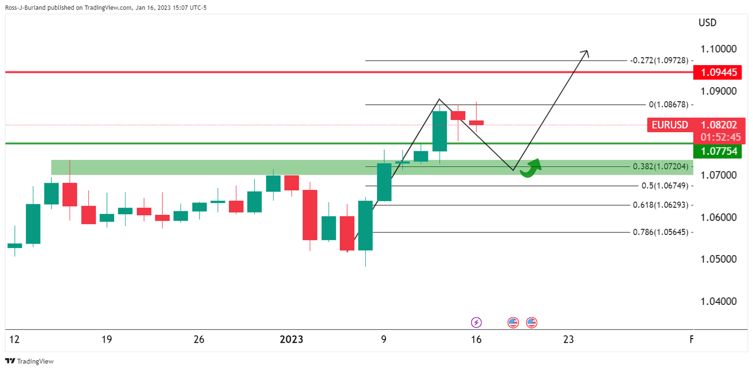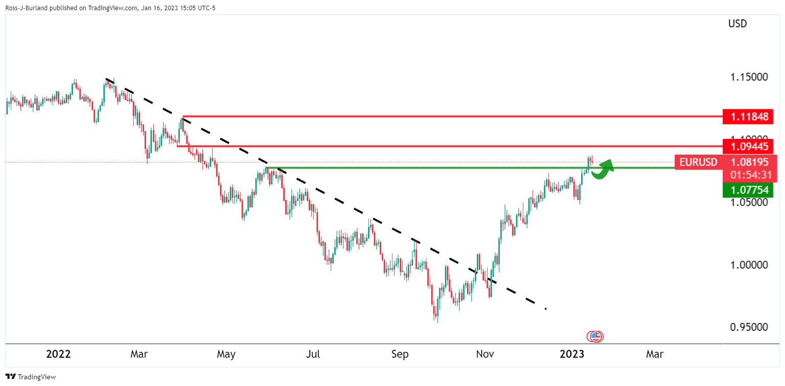 The bulls will be expected to defend the 1.0700 figure on a retest and that could lead to an onward continuation as illustrated in the chart above.
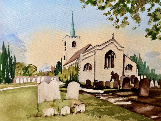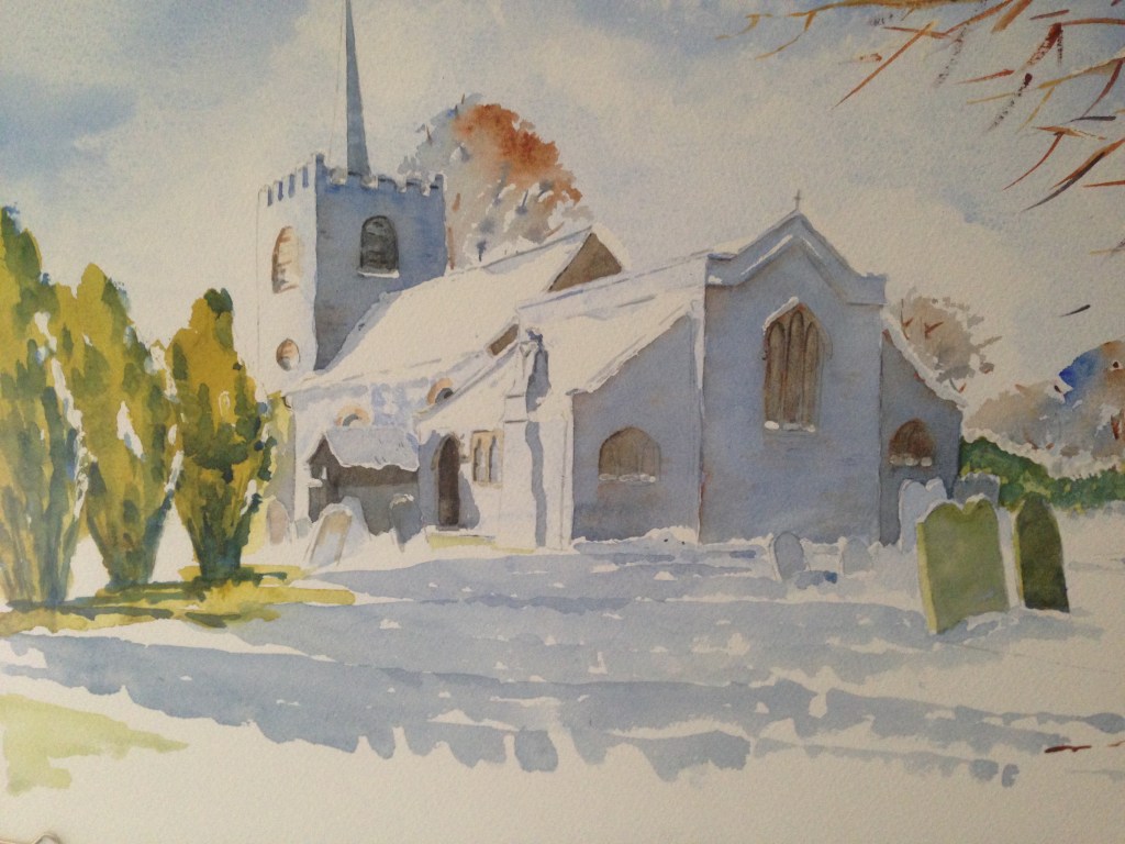 I have painted this church on a couple of occasions over the years. One painting I did in the snow which was well received. I was especially thrilled at the end of last year, for that particular painting to be printed as a greeting card by the church and sent to everyone in the parish, setting out the times of services over the Christmas period. I will see if I still have an image
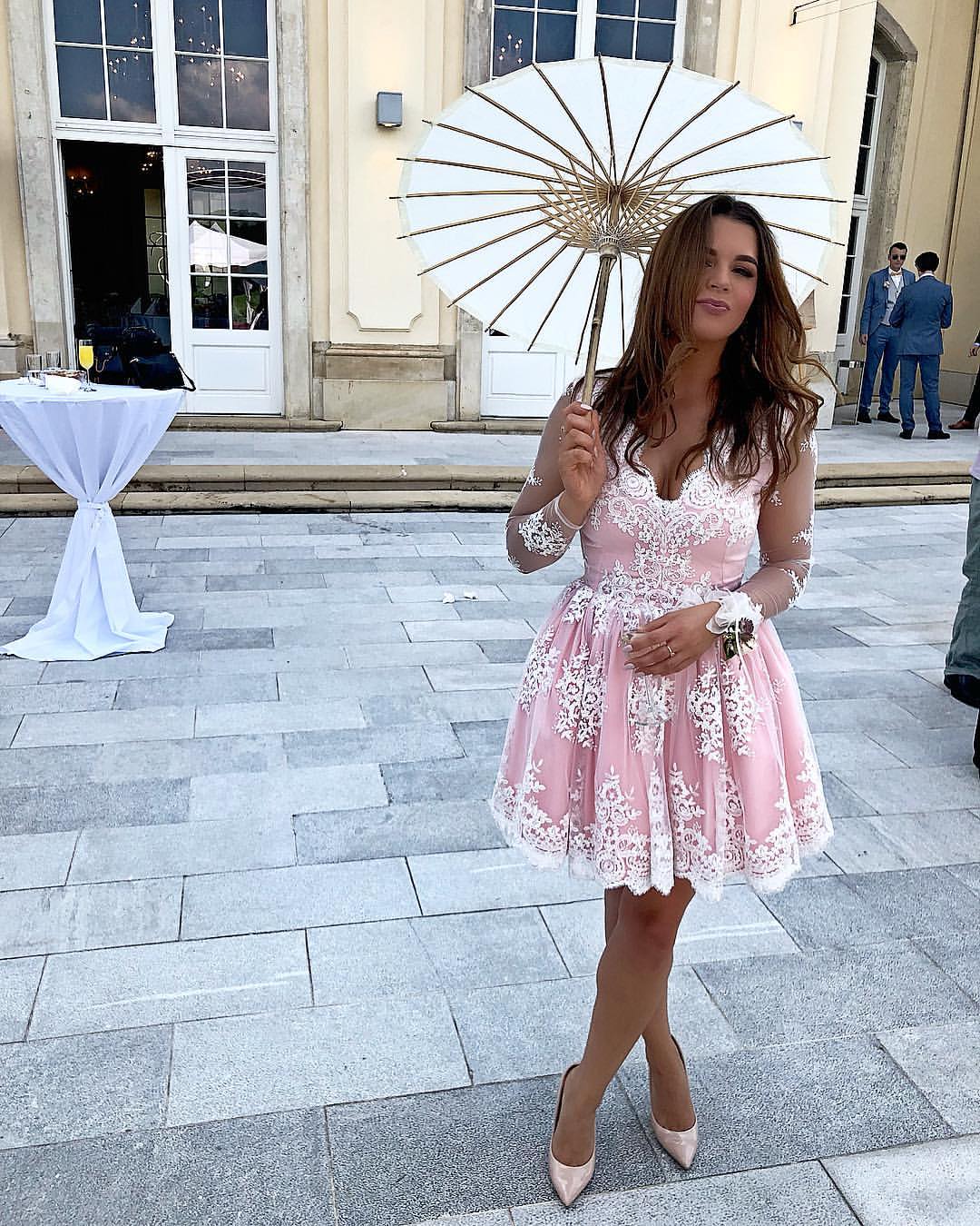 Cute V Neck Long Sleeve White Lace Homecoming Dress,Pink Short Party Dress,GGD0287
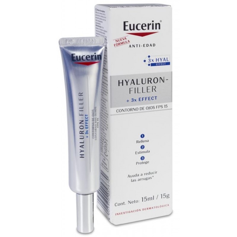 La fórmula de Eucerin Hyaluron-Filler Contorno de Ojos FPS 15 combina tres potentes activos antiedad:
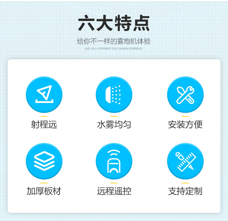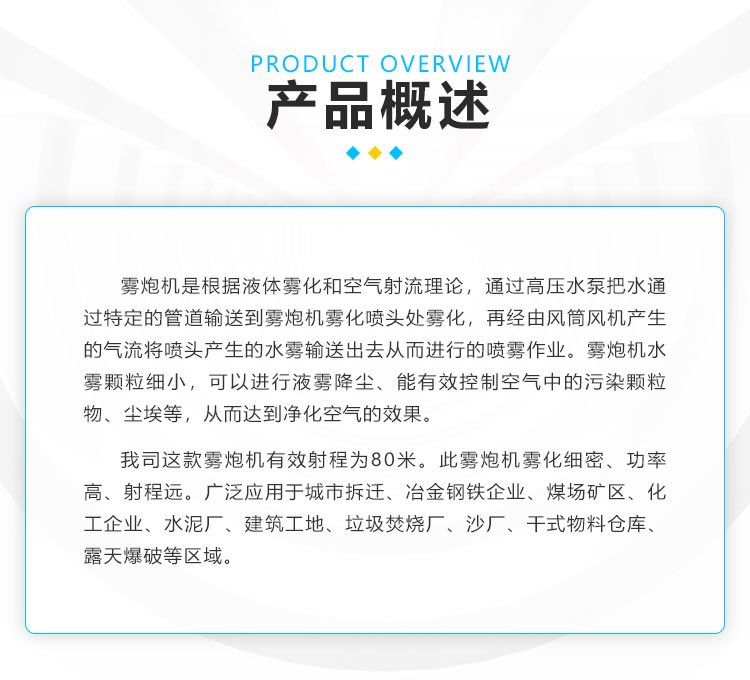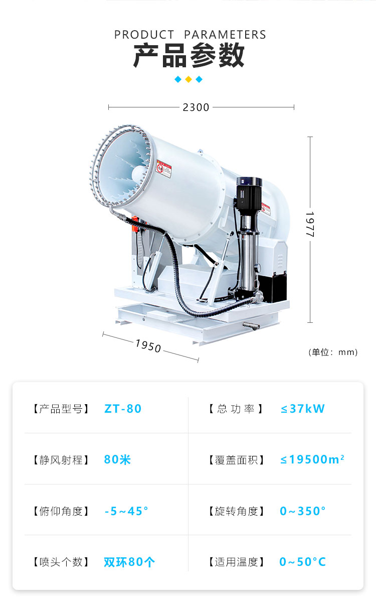 產(chǎn)品特點:80米降塵霧炮機射程遠、覆蓋范圍廣;多角度調(diào)節(jié)、無水珠全程霧引、安裝方式靈活多變。
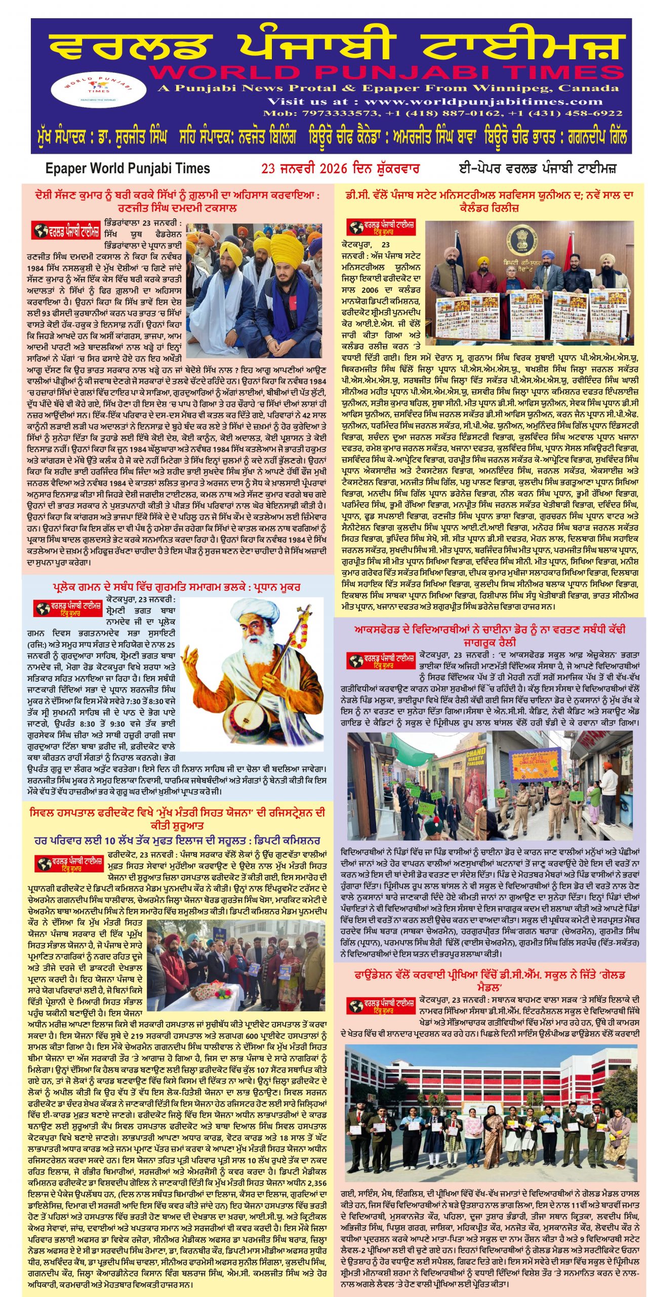 Posted inਸਾਹਿਤ ਸਭਿਆਚਾਰ ਸੱਜਣਾ ਵੇ ਤੇਰੀ ਮੇਰੀ ਪ੍ਰੀਤ ਕਹਾਣੀ ਸੱਜਣਾ ਵੇ।ਹੁੰਦੇ ਜਿੱਦਾਂ ਅੱਗ ਤੇ ਪਾਣੀ ਸੱਜਣਾ ਵੇ।ਗੈਰਾਂ ਤੇ ਕੀ ਦੋਸ਼ ਕਿਸੇ ਤੇ ਸ਼ਿਕਵਾ ਕੀ,ਦੁਸ਼ਮਣ ਤਾਂ ਹੈ ਆਪਣੀ ਢਾਣੀ ਸੱਜਣਾ ਵੇ।ਪੱਥਰਾਂ ਵਰਗੇ ਸ਼ਹਿਰੀਂ ਅੱਜ ਵੀ ਚੱਲਦੀ… Posted by worldpunjabitimes January 23, 2026 Posted inਪੰਜਾਬ ਡੀ ਮੋਂਟਫੋਰਟ ਯੂਨੀਵਰਸਿਟੀ ਯੂ.ਕੇ. ਵੱਲੋਂ ਅਪ੍ਰੈਲ ਇੰਟੇਕ ਲਈ ਦਾਖ਼ਲੇ ਖੁੱਲ੍ਹੇ : ਡਾਇਰੈਕਟਰ ਕੋਟਕਪੂਰਾ, 23 ਜਨਵਰੀ (ਟਿੰਕੂ ਕੁਮਾਰ/ਵਰਲਡ ਪੰਜਾਬੀ ਟਾਈਮਜ਼) ਸਥਾਨਕ ਮੁਕਤਸਰ ਰੋਡ ’ਤੇ ਰੇਲਵੇ ਪੁਲ ਨੇੜੇ ਸਥਿੱਤ ਚੰਡੀਗੜ੍ਹ ਆਈਲੈਟਸ ਐਂਡ ਇੰਮੀਗ੍ਰੇਸ਼ਨ ਸੈਂਟਰ (ਸੀ.ਆਈ.ਆਈ.ਸੀ) ਕੋਟਕਪੂਰਾ ਦੇ ਚੇਅਰਮੈਨ ਵਾਸੂ ਸ਼ਰਮਾ ਅਤੇ ਡਾਇਰੈਕਟਰ ਮੈਡਮ ਰਕਸ਼ੰਦਾ… Posted by worldpunjabitimes January 23, 2026
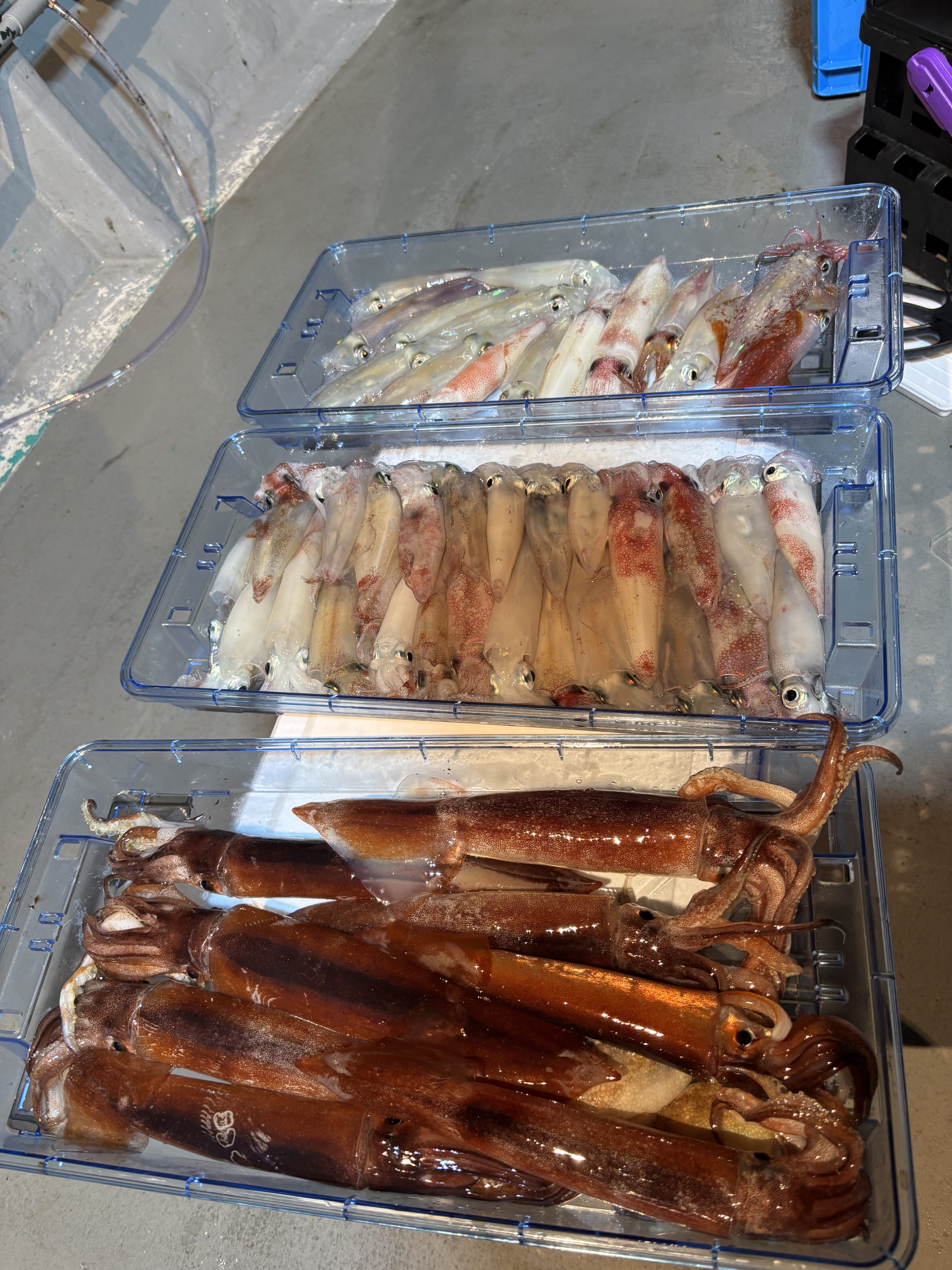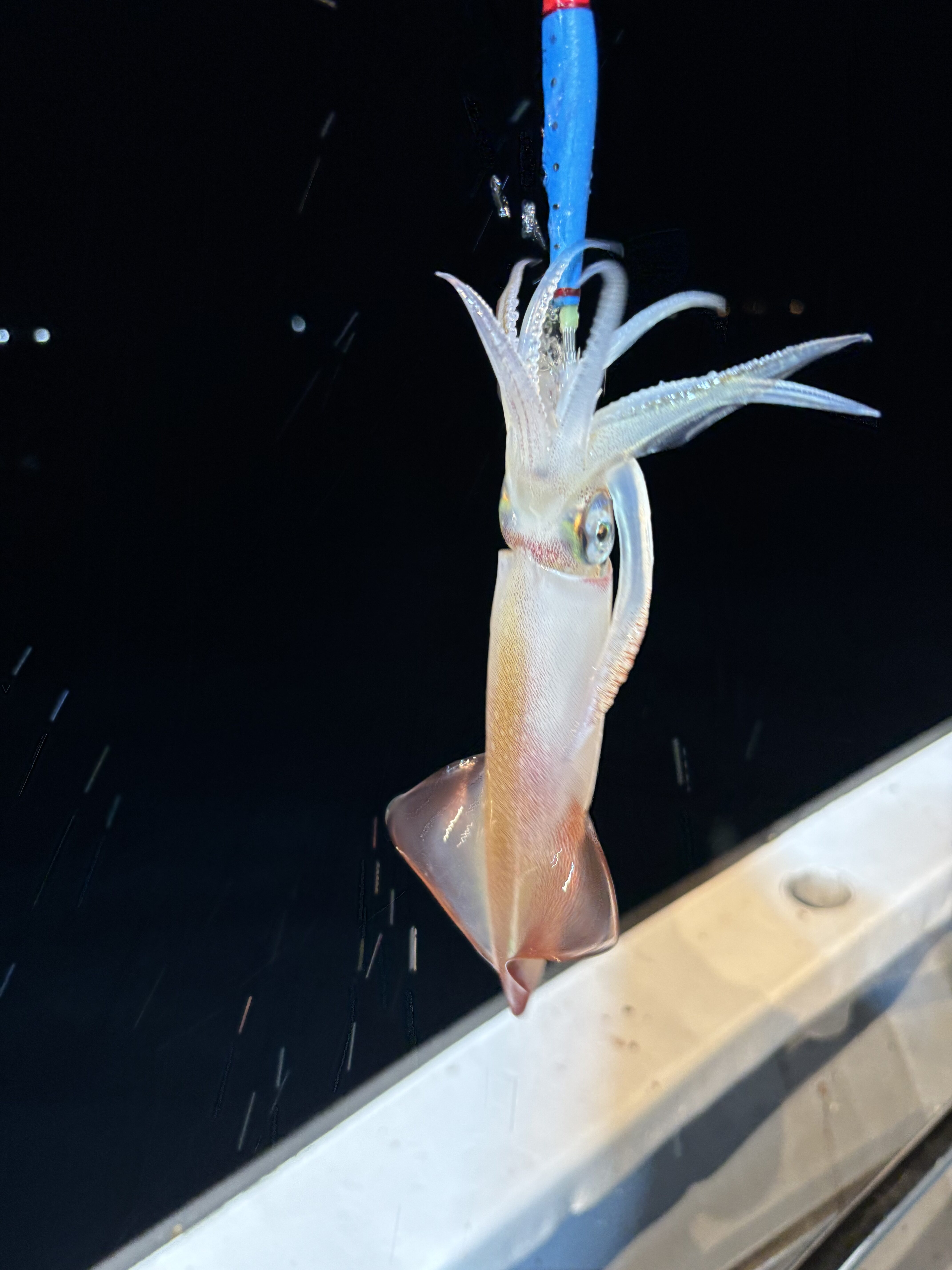 まずは仕掛けを投入して様子見。3投目でようやくヤクルトサイズのケンサキイカが1杯釣れましたが、その後は続かず…。

**Problem details:** For this exercise, transcribe exactly the part of the records above that opens with the line containing "Cute V Neck" and closes with the one containing "產(chǎn)品特點:80米". Pictures are not part of the copy.

**Response below:**
 Cute V Neck Long Sleeve White Lace Homecoming Dress,Pink Short Party Dress,GGD0287
 La fórmula de Eucerin Hyaluron-Filler Contorno de Ojos FPS 15 combina tres potentes activos antiedad:
 產(chǎn)品特點:80米降塵霧炮機射程遠、覆蓋范圍廣;多角度調(diào)節(jié)、無水珠全程霧引、安裝方式靈活多變。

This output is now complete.